Tom Nichols has a great piece in The Atlantic in which he comes around to the idea that Donal Trump is a literal fascist. I have long thought that Trump is a textbook fascist—he has a cult of personality around him, he pines for an imagined past, and he is perfectly fine with using the power of government to punish his enemies. That America did not fall under the first Trump “administration” was due to the fact that Trump is also profoundly lazy and he had some guardrails around him. A second Trump term would still see a lazy Trump, but he would be empowered by a burgeoning movement of radical right-wing elements that have openly declared their intention to turn America into a one-party police theocracy. As Nichols defines fascism:
Fascism is not mere oppression. It is a more holistic ideology that elevates the state over the individual (except for a sole leader, around whom there is a cult of personality), glorifies hypernationalism and racism, worships military power, hates liberal democracy, and wallows in nostalgia and historical grievances. It asserts that all public activity should serve the regime, and that all power must be gathered in the fist of the leader and exercised only by his party.
That is the Trump ideology (such as it exists) in a nutshell. Trump is playing from the same old playbook that every fascist and caudillo has since time immemorial. And sadly, it is a playbook that works.
Where I disagree with Nichols is here:
But here I want to caution my fellow citizens. Trump, whether from intention or stupidity or fear, has identified himself as a fascist under almost any reasonable definition of the word. But although he leads the angry and resentful GOP, he has not created a coherent, disciplined, and effective movement. (Consider his party’s entropic behavior in Congress.) He is also constrained by circumstance: The country is not in disarray, or at war, or in an economic collapse. Although some of Trump’s most ardent voters support his blood-and-soil rhetoric, millions of others have no connection to that agenda. Some are unaware; others are in denial. And many of those voters are receptive to his message only because they have been bludgeoned by right-wing propaganda into irrationality and panic.

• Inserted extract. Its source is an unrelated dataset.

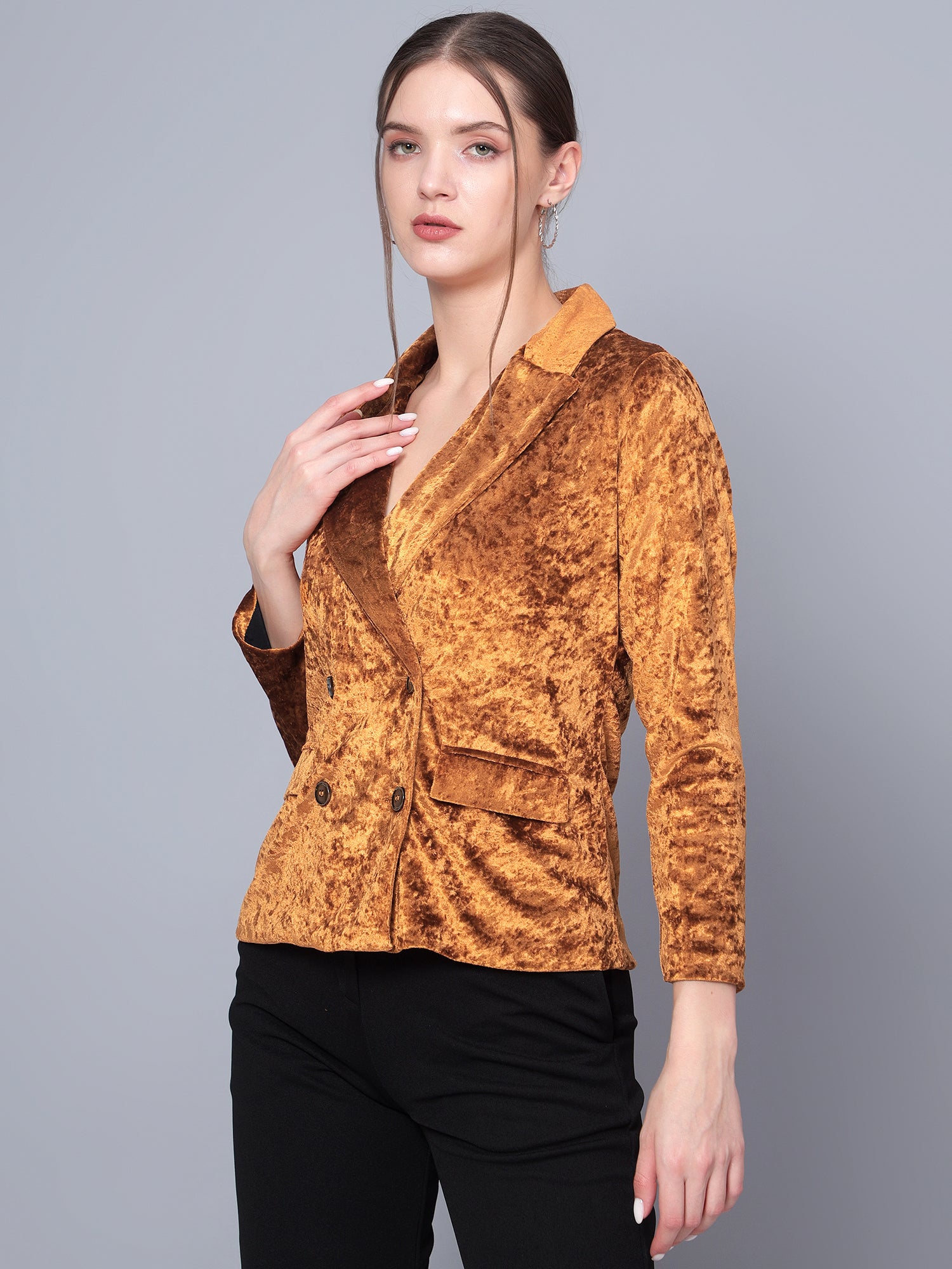 Crush Velvet ,Polyester, Hand wash, This chic ensemble combines a trendy Double Breasted Blazer for a stunning and effortless look. Whether you're headed to a business meeting or a special event, this versatile set will elevate your fashion game. With its impeccable tailoring and comfortable fit in stretchable fabric , you'll exude confidence and elegance wherever you go.

Even many officials in the current GOP, that supine and useless husk of an institution, do not share Trump’s ambitions.
I have long argued for confronting Trump’s voters with his offenses against our government and our Constitution. The contest between an aspiring fascist and a coalition of prodemocracy forces is even clearer now. But deploy the word fascist with care; many of our fellow Americans, despite their morally abysmal choice to support Trump, are not fascists.
This is technically true—most Trump supporters might not be in favor of turning America into an anti-democratic police state. But that also does not matter in the slightest.

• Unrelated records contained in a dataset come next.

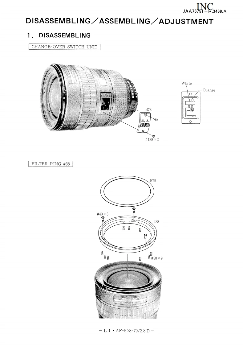 NIKON尼康数码相机AF-S-28-70mm-f2-8D维修手册零部件手册找手册网昨天发布关注私信6.68MB43页029NIKON尼康数码相机AF-S-28-70mm-f2-8D维修手册零部件手册此内容为付费资源,请付费后查看¥19¥21黄金会员免费钻石会员免费立即购买您当前未登录!建议登陆后购买,可保存购买订单付费资源 第1页 / 共43页 第2页 / 共43页 第3页 / 共43页 第4页 / 共43页 第5页 / 共43页 第6页 / 共43页 第7页 / 共43页 第8页 / 共43页 第9页 / 共43页 第10页 / 共43页 试读已结束,还剩33页,您可下载完整版后进行离线阅读 THE ENDNikon 文本预览 JAA6NG46BA作成承認印配布許可印CS推進部GMAF-S Zoom-Nikkor 28-70mm f/2.8 D IFREPAIR MANUALONIKON CORPORATIONTokyo.JapanCopyright C1999 by Nikon Corporation.All Rights Reserved.Printed in Japan March 1999 查看更多 收起部分 喜欢就支持一下吧收藏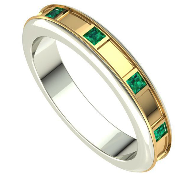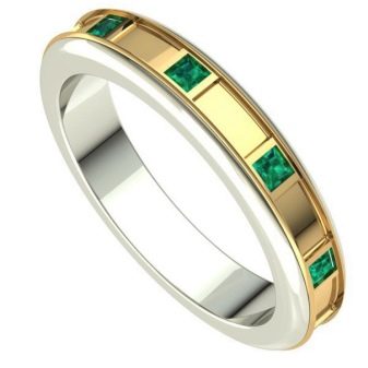 Una pietra preziosa altamente efficace che può variare di colore dall'erba chiaro al verde blu intenso. Quando si decorano le fedi nuziali da uomo, gli smeraldi sono spesso completati da piccoli diamanti, contro i quali le gemme verdi sembrano ancora più luminose.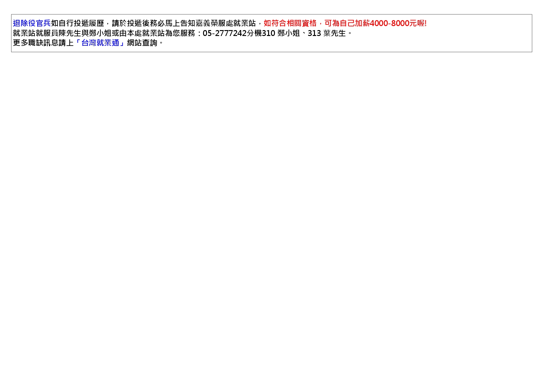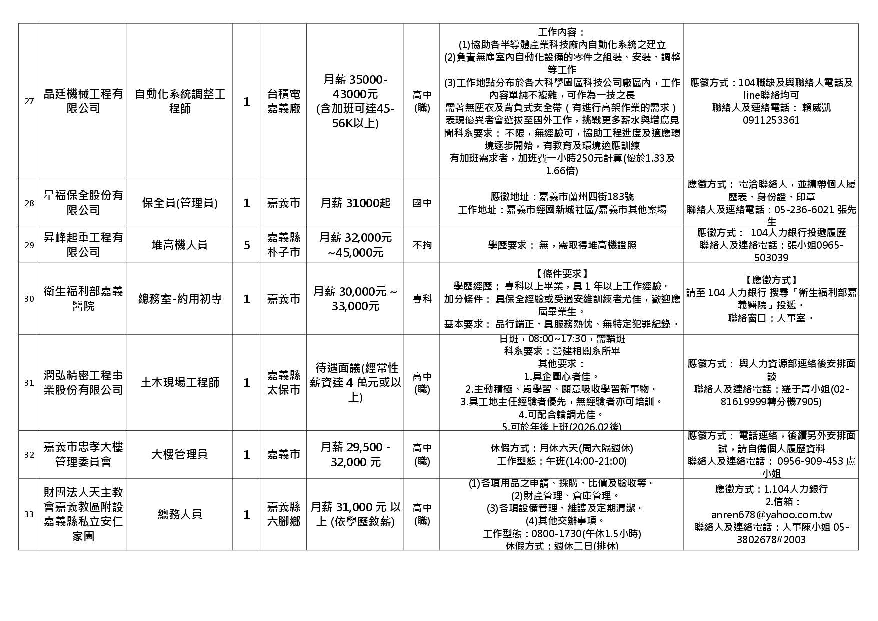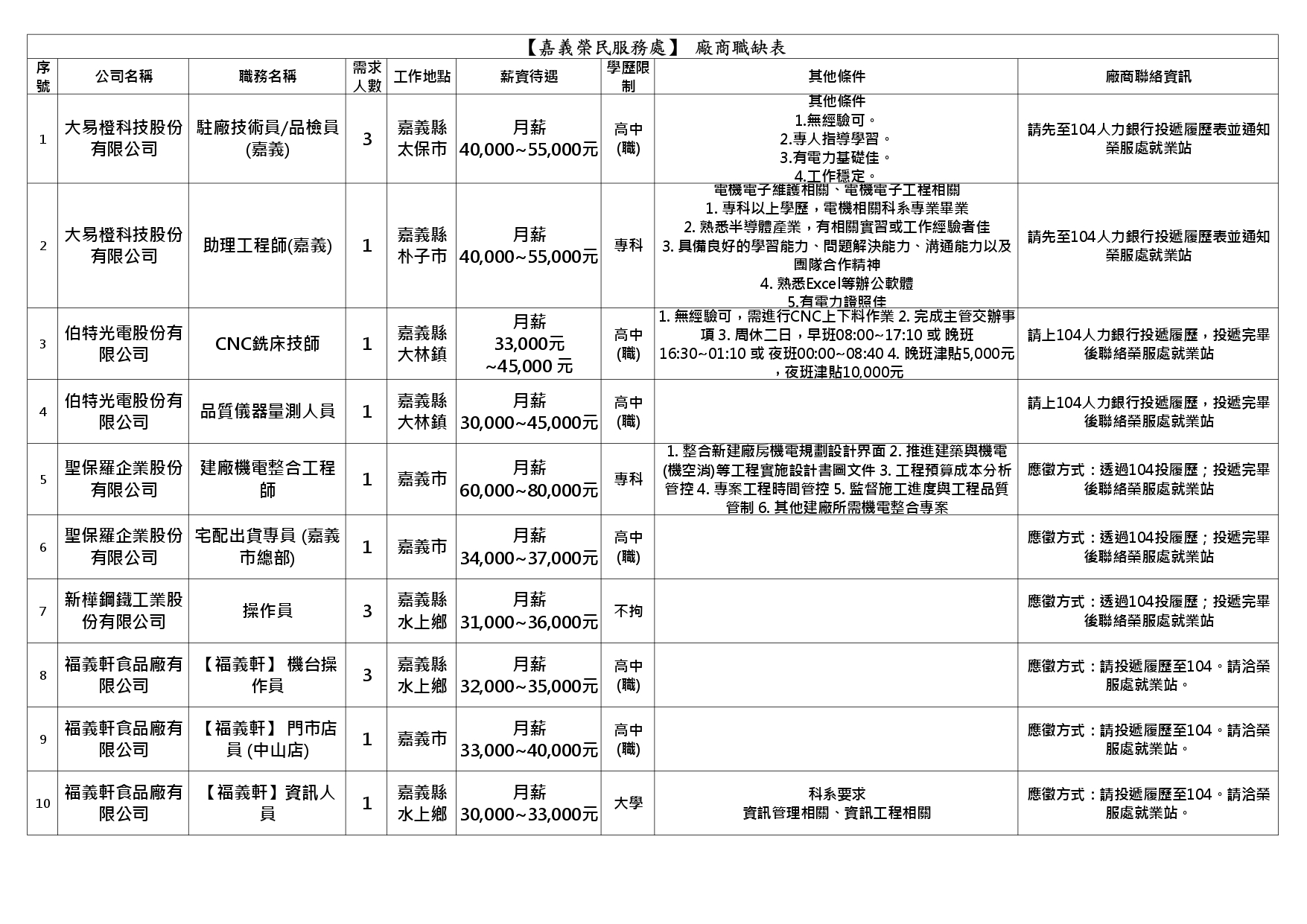 | 【嘉義榮服處】廠商職缺表(115.01.22).pdf | 115-01-22 | 5 |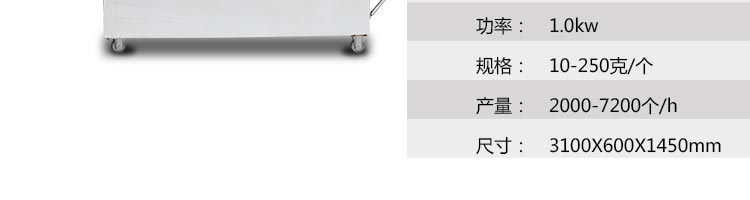 名稱MP800型刀切饅頭成型機 電源220/380V(見機器名牌) 功率1.0kw 產量2000-7200個/小時 尺寸3700*600*1380mm 重量380kg 規格10-250克/個 其他單段壓面

When the Nazis rose to power, the German people did not vote for crematoria and conquest. But they got both anyway. Most Germans were not ardent Nazis, but the Nazis controlled Germany anyway. The fact that most GOP voters are not on board with a fascist America means very little. Enough are, and history has shown time and time again that an illiberal and dangerous minority is all it takes to transform a society into a totalitarian hellhole. Anyone who supports Donald Trump is voting to end American democracy. Period. Whether they do so out of ignorance or malice does not make anything more than an academic difference.
I disagree that calling Trump what he is is dangerous. The threat that Trump poses is enhanced by euphemizing his conduct and treating him like just another political sideshow. In 2016 the media breathlessly covered his every move because it goosed the ratings. The results were Trump magnifying his bullshit personal “brand” to the Oval Office and the near destruction of this country. And today, the media is still too cowardly to openly speak the truth. The media still lavishes coverage on Trump, still tends to treat him like a normal candidate rather than an abject fascist. Trying to hide the truth will not serve this country’s interests.
We cannot afford another four years of Trump, because if he gets power again he will ensure that he remains in power for the rest of his life. There will be no guardrails, no people who will tell Trump no, no limits on what Trump will do. The best outcome we can hope for is what amounts to a civil war or coup. We cannot afford this. It might be that many of Trump’s supporters do not call themselves fascists, but at the end of the day they are enabling it. We can either grapple with that fact honestly and boldly or we can risk watching this country fall. I, for one, am tired of the euphemisms. Trump is a wanna-be dictator, a fascist, a totalitarian. He may be a stupid, unstable, and lazy dictator, but that makes him potentially more dangerous, not less.